The controlling section, § 570.080, RSMo 1978, enacted as part of the new Criminal Code in 1977 to take effect in 1979, replaced the earlier "receiving stolen property" statute. The prior section § 560.270, RSMo 1969, (repealed 1979) specifically required a finding that the property at issue be stolen. The statute provided as follows:

Every person who shall buy, or in any way receive, with intent to defraud, any property that shall have been stolen from another, knowing the same to have been stolen, shall, upon conviction, be punished in the same manner and to the same extent as for the stealing of the property so bought or received.

(Emphasis added.)

The new statute § 570.080 effected several profound changes. First, it discarded the language of prior statute requiring as an element of the crime that property received "shall have been stolen" and replaced that element so that the property received need merely be "property of another." Section 570.080.1, note 1, supra.

Next § 570.080 altered the element of intent. No longer is the crime limited to a defendant who knows the property "to have been stolen"; instead the necessary intent occurs if the defendant received "property of another knowing that it has been stolen, or believing that it has been stolen." Section 570.080.1 (emphasis added). Notwithstanding the express language of the statute, appellant would have us construe the section to mean that the crime occurs only if the property is stolen. He points to the use of the word "stolen" carried in the title to the statute. Appellant "has evidently confused the catch words prefixed by the compiler of our Session Acts, which are not parts of the title in a constitution [sic] sense, [citation omitted] with the title to the act found in Laws of Missouri," 1977, p. 658. Ex parte Lockhart, 171 S.W.2d 660, 663 (Mo. banc 1943). The title "receiving stolen property" is only an expression of the general scope of the section and does not control or alter the meaning of its specific provisions. In re Tompkins' Estate, 341 S.W.2d 866 (Mo. 1960).

Appellant also attaches significance to the consistent reference in subdivision 2 of the statute to the term "stolen property." Subdivision 2 of 570.080 adds a nonexclusive list of circumstantial evidence deemed admissible to demonstrate knowledge or belief. Most certainly such listing broadens and does not narrow or limit the scope of circumstances which may be found relevant and material to the issue. See § 570.080.2, note 1, supra. Subparagraphs (1) and (2) of subdivision 2 deal with and render admissible evidence of prior specific criminal activity which might otherwise be objectionable. Subparagraph (3) permits use of evidence that a defendant acquired property for a price far below the property's "reasonable value" to show knowledge or belief that the property was stolen. While it is not indicated that such evidence might raise a presumption of guilt, subdivision 2 and its subparagraphs satisfy a variety of evidentiary challenges that might be *424 raised to those particular items of circumstantial evidence. Despite the fact that each of the three referenced subparagraphs deals with situations involving "stolen property" and the admissibility of particular circumstantial evidence, the list, as stated above, is not intended to be exclusive. Nor do we interpret the three subparagraphs of subdivision 2 as voiding the clear express language of § 570.080.1 which delineates the act of receiving the "property of another ... believing that it has been stolen" as criminal.

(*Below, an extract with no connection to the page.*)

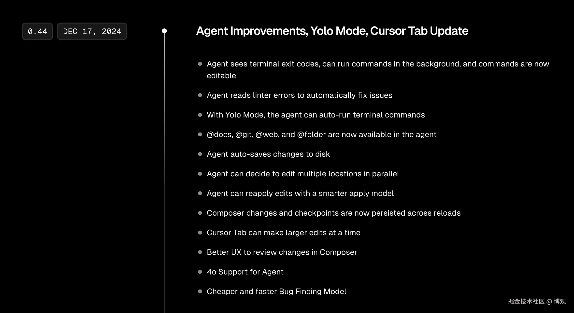 2024.12.17 Cursor 进行了一次较大的更新,大部分的更新都是和 Agent 模式相关的,总的目的就是让 Agent 模式更强大,更智能,更符合开发者的使用习惯。这也是为了和 Windsurf 直接展开竞争,毕竟 Windsurf 的 Agent 模式已经很强大了,Cursor 不能落后太多。
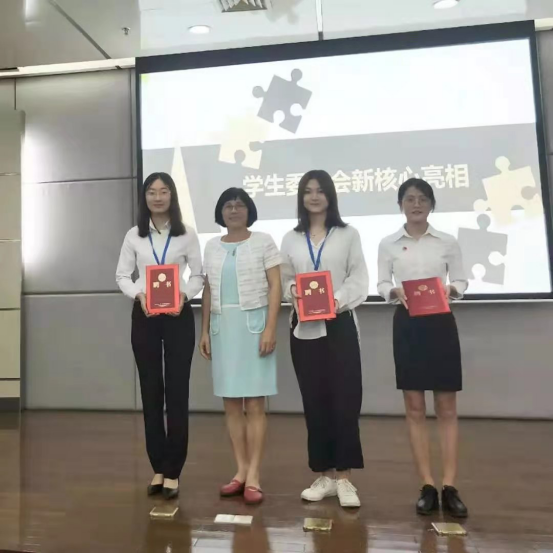 欧丽娅主任为学生委员颁发聘书,柯春洁担任委员长,朱柯宇、胡敏担任委员。

Additionally the listing in subdivision 2 of certain circumstantial evidence declared to be admissible, in no way limits direct proof of the elements of the crimes proscribed in § 570.080.1. For as here, there was copious direct evidence of each element charged and we hold the admission of such direct evidence was proper. The fact that it lay beyond the items listed in subdivision 2 affected neither its admissibility nor the scope of proscribed acts in § 570.080.1.

Our ruling today does not diminish the general scope of this statute and its continued application to property which is in fact stolen. However, it must be reiterated that the statute has been markedly broadened to include not only property that has in fact been stolen but also property "of another" that has not been stolen but which the accused "believes" to have been stolen.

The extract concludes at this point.